C ++ 14和更高版本是否允许Lambda函数使用默认参数？ 如果可以，怎么办？

Question

Does lambda functions changes to accept default arguments in c++ 14?

This example doesn't work on C++ 11:

int main() {

    int i = 34;
    auto RectSurf = [i](int length = 0, int width = 0){ return length * width;};
    cout << RectSurf(10) << endl;


    std::cout << std::endl;
}

But it works fine on C++ 14 and above. So is it correct or not? Because C++ prime 5ed said that: "Passing Arguments to a Lambda As with an ordinary function call, the arguments in a call to a lambda are used to initialize the lambda's parameters. As usual, the argument and parameter types must match. Unlike ordinary functions, a lambda may not have default arguments (§ 6.5.1, p. 236). Therefore, a call to a lambda always has as many arguments as the lambda has parameters. Once the parameters are initialized, the function body executes.

As an example of a lambda that takes arguments, we can write a lambda that behaves like our isShorter function:" From C++ Prime 5ed.

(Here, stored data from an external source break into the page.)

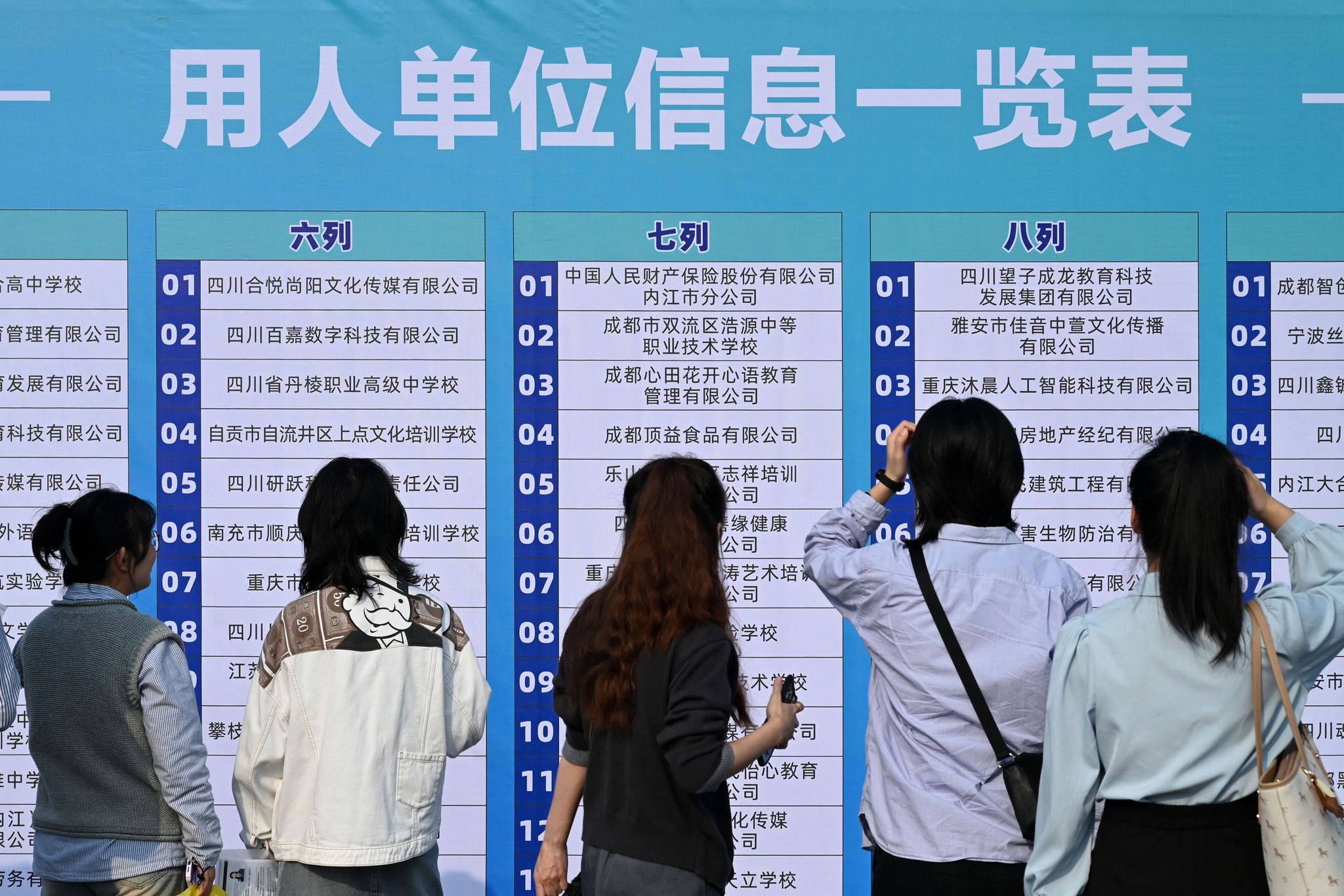 2025年4月10日,四川内江师范学院,现场应届毕业生在了解招聘信息。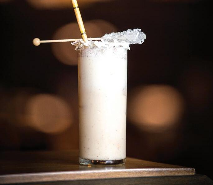 • Rim a Collins glass with simple syrup and flaked coconut.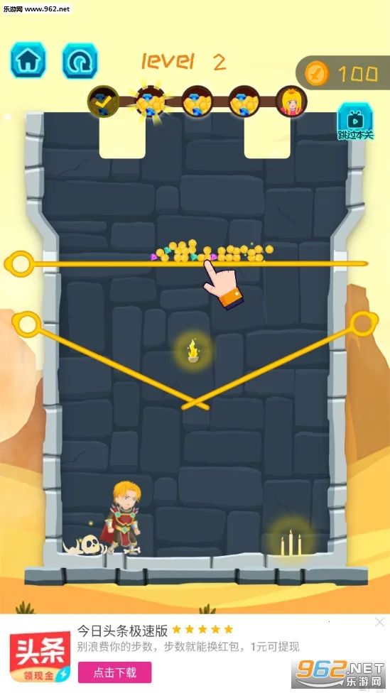 英雄密室脱险手机版是解谜冒险游戏,玩家化身勇士或王子救公主。要拉动针杆调整位置,克服难关。关卡有谜题陷阱,还能收集宝藏赢奖励,适合爱脑筋急转弯的玩家,体验充满挑战与乐趣的密室逃逸冒险。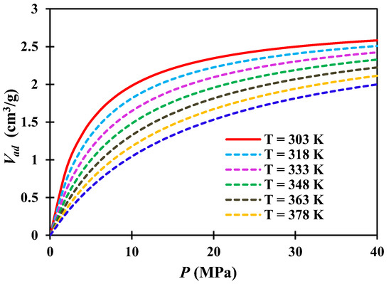 Studying the methane adsorption capacity of shale under reservoir conditions is the basis for the development of shale gas reservoirs, and it is also critical for predicting gas reservoir resource and productivity evaluation [1,2,3]. Generally, the evaluation of the adsorbed gas content of shale is mainly based on experiments, and adsorption experiments at low temperature condition are easily conducted (such as below 65 °C [4,5]). However, the actual temperature in the geologic system of a shale reservoir is generally between 80 °C and 150 °C [6], and even as high as 175 °C [7,8]. The adsorption isotherm under low temperature (below 65 °C) will have a large gap with this under geologic temperature conditions. Since the temperature is one of the main factors affecting the adsorption capacity of shale, it is also one of the necessary research factors to evaluate the adsorption capacity of shale under reservoir conditions. At the same time, most experiments are based on a constant temperature. A single test can only obtain the relationship between methane adsorption capacity and pressure at a certain temperature; if we want to understand the relationship between shale adsorption capacity and pressure at different temperatures, we need to carry out several tests of adsorption at different temperatures [9]. Therefore, the prediction of adsorption curves at other temperatures (high temperature) through a small number of adsorption isotherms at known temperatures (low temperature) will be of great significance to the development and evaluation of shale gas reservoirs.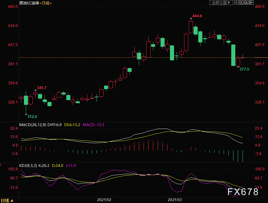 上海原油价格走高,主力合约2105终盘收于390.8元/桶,涨4.7元/桶,涨幅1.22%。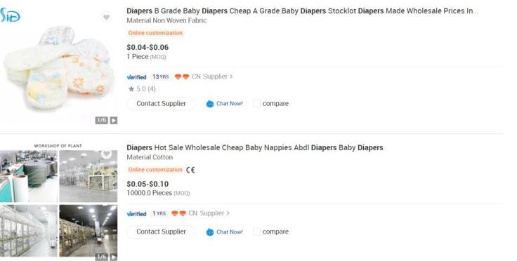 Tuy nhiên, tìm kiếm tên những thương hiệu bỉm như Supdry, Mijuki, Nanu trên các trang thương mại điện tử phổ biến của Trung Quốc như Taobao, Alibaba,... đều không thấy. Thay vào đó là những “lời chào” gia công bỉm giá rẻ của các xưởng sản xuất ở Quảng Châu, Phúc Kiến với giá chỉ từ 0,02 - 0,1 USD/chiếc (400 đến 2.000/chiếc).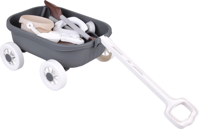 De diepe bak, afneembare trekstang en stabiele, brede wielen zorgen voor gemakkelijk transport van zand, speelgoed en gereedschap over diverse ondergronden – van tuin tot strand.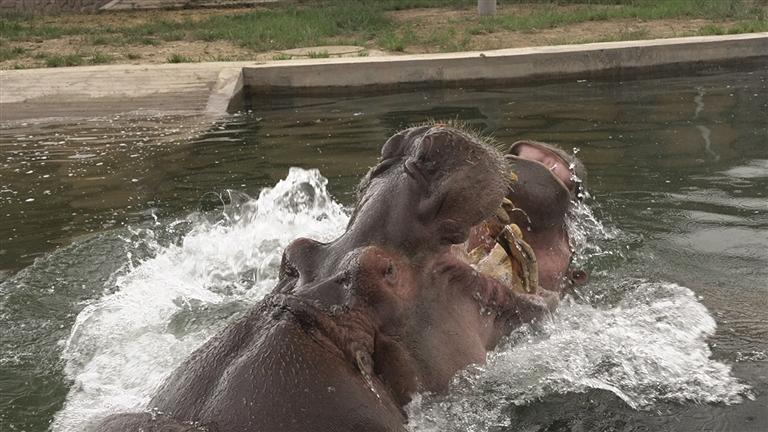 “小乖”今年正值青春活潑的年紀(jì),性格溫順可愛(ài)。經(jīng)過(guò)一段時(shí)間的精心準(zhǔn)備與適應(yīng)期,“小乖”已經(jīng)與老住戶(hù)“大嘴”和諧相處,一同在水中暢游、嬉戲玩耍,或是在岸邊悠閑進(jìn)食、曬著太陽(yáng)。兩只河馬的互動(dòng)與陪伴,給園區(qū)增加了許多樂(lè)趣,也給游客們帶來(lái)更加新奇、歡樂(lè)的觀賞體驗(yàn)。

But the same code on C++14 and above works fine! But Also I've read here in SO That lambda functions can have a default parameter on condition that no variable has been captured in Lambda's capture list.

Answer 1

Default Arguments in Lambda Expressions were explicitly added to the Standard with C++14, and were not permitted in C++11. You can see this if you run the code against two different compiler flags in GCC , one for C++11, one for C++14, and compile using the -Wpedantic flag, you'll see that when compiled for C++11, the compiler issues a warning (GCC still supports it, but tells you it's not standard-compliant) whereas in C++14, there's no warning.

So yes. In C++14 and later, Default Arguments in a Lambda Expression are valid.